» **Data to process**
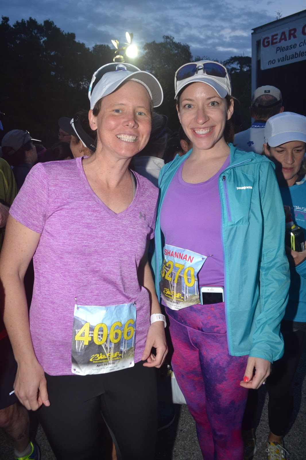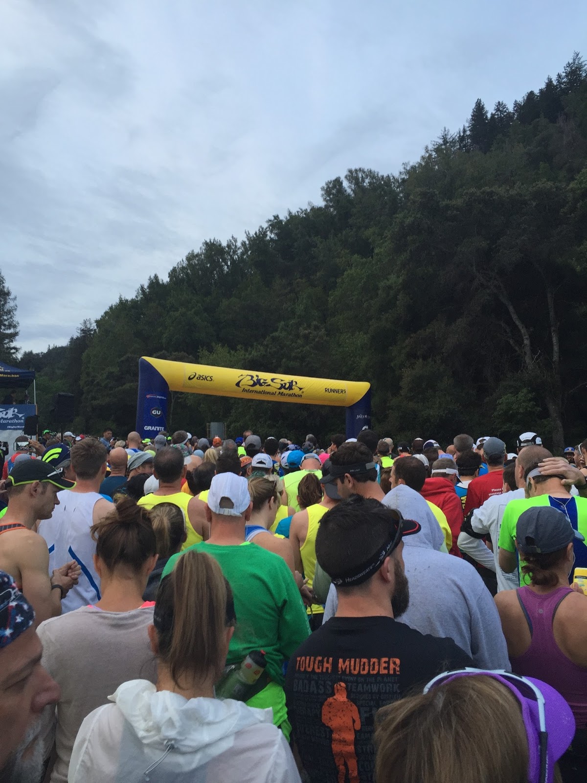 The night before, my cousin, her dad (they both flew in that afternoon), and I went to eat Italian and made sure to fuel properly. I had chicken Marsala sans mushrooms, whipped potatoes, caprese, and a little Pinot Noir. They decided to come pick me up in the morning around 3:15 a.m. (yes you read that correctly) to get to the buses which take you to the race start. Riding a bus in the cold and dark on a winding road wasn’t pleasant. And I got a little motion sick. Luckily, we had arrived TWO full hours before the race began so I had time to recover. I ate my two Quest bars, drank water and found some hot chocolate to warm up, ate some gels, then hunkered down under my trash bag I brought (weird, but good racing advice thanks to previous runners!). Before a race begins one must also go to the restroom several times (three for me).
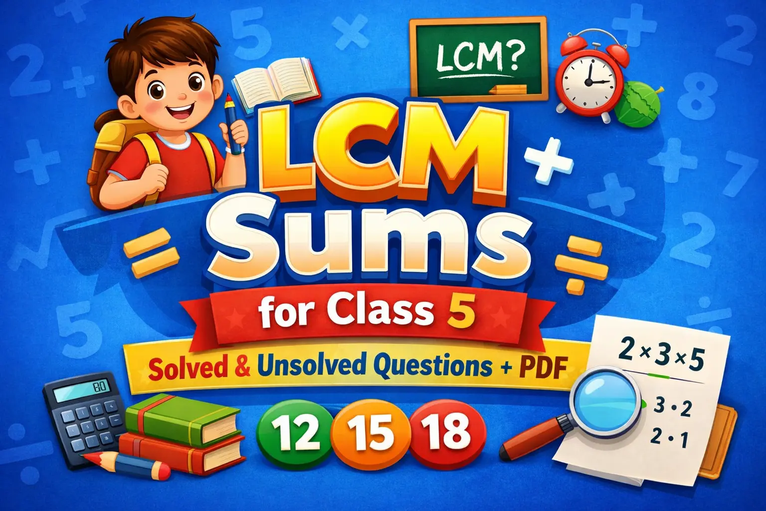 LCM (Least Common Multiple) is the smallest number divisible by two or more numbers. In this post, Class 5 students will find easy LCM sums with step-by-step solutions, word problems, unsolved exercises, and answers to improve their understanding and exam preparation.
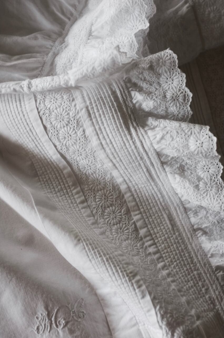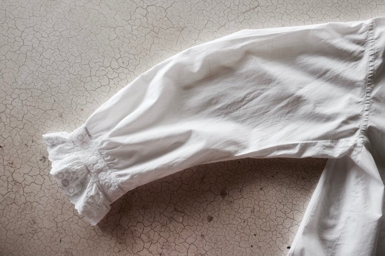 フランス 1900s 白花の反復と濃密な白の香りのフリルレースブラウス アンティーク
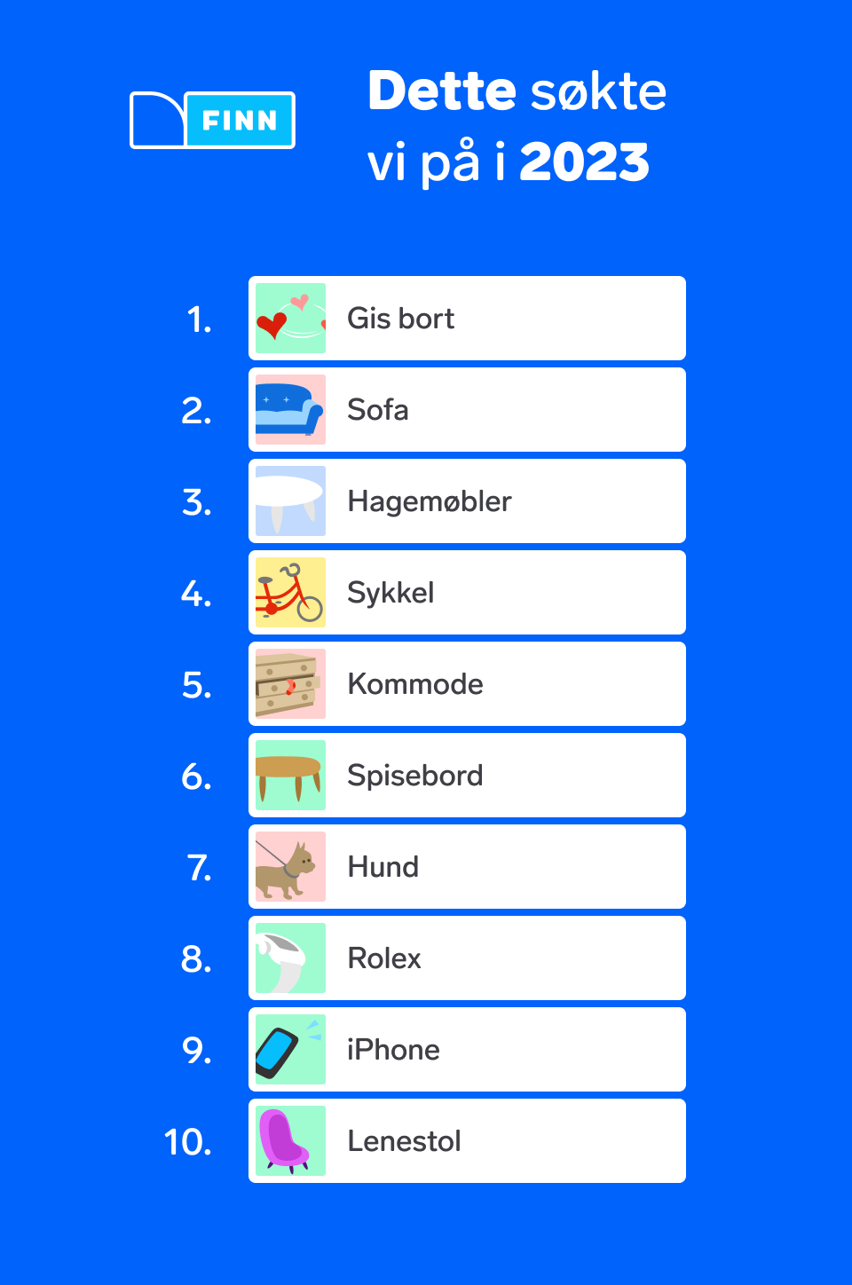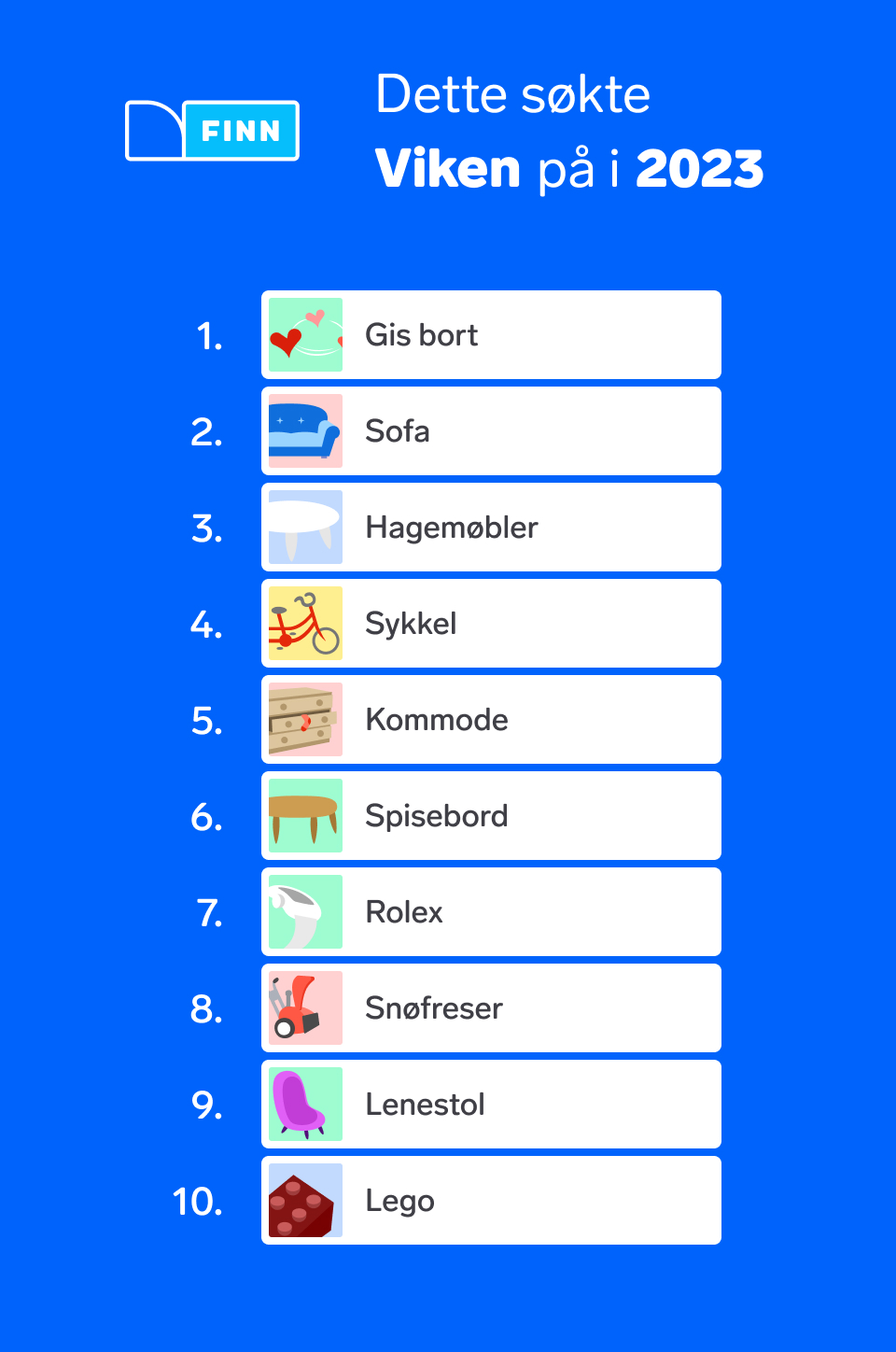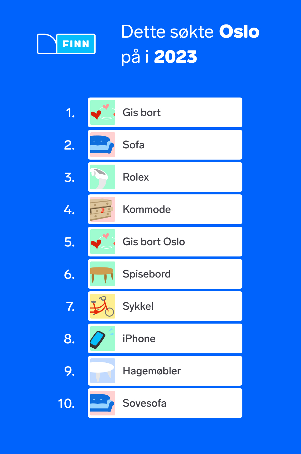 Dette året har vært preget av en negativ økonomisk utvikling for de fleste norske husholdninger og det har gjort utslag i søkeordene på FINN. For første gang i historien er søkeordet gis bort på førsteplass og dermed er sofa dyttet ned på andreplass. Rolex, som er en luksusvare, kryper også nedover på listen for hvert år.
--
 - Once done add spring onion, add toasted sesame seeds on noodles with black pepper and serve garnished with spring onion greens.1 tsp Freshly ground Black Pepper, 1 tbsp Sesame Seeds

» **Task**
Copy only these lines from the records above, exactly: the one with "The night before, my", the one with "Dette året har", and those between. Skip the pictures.

» **Output for this exercise**
 The night before, my cousin, her dad (they both flew in that afternoon), and I went to eat Italian and made sure to fuel properly. I had chicken Marsala sans mushrooms, whipped potatoes, caprese, and a little Pinot Noir. They decided to come pick me up in the morning around 3:15 a.m. (yes you read that correctly) to get to the buses which take you to the race start. Riding a bus in the cold and dark on a winding road wasn’t pleasant. And I got a little motion sick. Luckily, we had arrived TWO full hours before the race began so I had time to recover. I ate my two Quest bars, drank water and found some hot chocolate to warm up, ate some gels, then hunkered down under my trash bag I brought (weird, but good racing advice thanks to previous runners!). Before a race begins one must also go to the restroom several times (three for me).
 LCM (Least Common Multiple) is the smallest number divisible by two or more numbers. In this post, Class 5 students will find easy LCM sums with step-by-step solutions, word problems, unsolved exercises, and answers to improve their understanding and exam preparation.
 フランス 1900s 白花の反復と濃密な白の香りのフリルレースブラウス アンティーク
 Dette året har vært preget av en negativ økonomisk utvikling for de fleste norske husholdninger og det har gjort utslag i søkeordene på FINN. For første gang i historien er søkeordet gis bort på førsteplass og dermed er sofa dyttet ned på andreplass. Rolex, som er en luksusvare, kryper også nedover på listen for hvert år.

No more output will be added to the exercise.